Más adelante nos referiremos con mayores detalles a la restauración del evangelio, pero antes
debemos considerar la pregunta más fundamental: ¿Era necesario que se restaurara la autoridad de
Dios? Por supuesto que si la Iglesia que El organizó y la correspondiente autoridad sacerdotal
hubiera prevalecido a través de los siglos, entonces las aseveraciones de José Smith no tendrían base
alguna.
Muchas personas se sorprenden al saber que, en efecto, Jesucristo organizó una iglesia durante su relativamente breve vida terrenal. Pero las Escrituras presentan evidencias abundantes y muy
claras al respecto. El Nuevo Testamento nos dice que el Señor organizó un consejo de doce
apóstoles. Poniendo Sus manos sobre la cabeza de cada uno de ellos, les confirió la autoridad para
actuar en Su nombre.
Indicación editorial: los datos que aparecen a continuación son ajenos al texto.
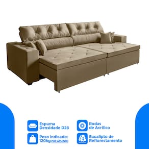 Sofá New Austin 2,02 m Retrátil com Molas Castor

El apóstol Pablo enseñó que Cristo "constituyó a unos, apóstoles; a otros,
profetas; a otros, evangelistas; a otros, pastores y maestros,
"a fin de perfeccionar a los santos para la obra del ministerio, para la edificación del cuerpo de
Cristo,
"hasta que todos lleguemos a la unidad de la fe y del conocimiento del Hijo de Dios, a un varón
perfecto, a la medida de la estatura de la plenitud de Cristo;
"para que ya no seamos niños fluctuantes, llevados por doquiera de todo viento de doctrina, por
estratagema de hombres que para engañar emplean con astucia las artimañas del error" (Efesios
4:11-14).
Se ha aceptado comúnmente que, después de la muerte, resurrección y ascensión de Cristo,
Pedro pasó a ser el principal de los apóstoles o presidente de la Iglesia del Señor. Esta no era tarea
fácil en aquellos días. Además de tener que someterse a las exigencias de la persecución y a las
vicisitudes que padecían los primeros cristianos, Pedro y sus hermanos en la fe debieron luchar con
denuedo para mantener unida a la Iglesia y preservar la pureza de la doctrina. Viajaban
extensamente y se comunicaban a menudo por escrito acerca de los problemas que debían enfrentar.
Pero dicha comunicación era tan lenta, sus viajes eran tan penosos y la Iglesia y sus enseñanzas eran
algo tan nuevo, que resultó difícil contrarrestar las doctrinas e instrucciones falsas antes de que se
arraigaran con solidez.
"Estoy maravillado de que tan pronto os hayáis alejado del que os llamó por la gracia de Cristo,
para seguir un evangelio diferente," escribió Pablo a las iglesias de Galacia. "No es que haya otro,
sino que hay algunos que os perturban y quieren pervertir el evangelio de Cristo.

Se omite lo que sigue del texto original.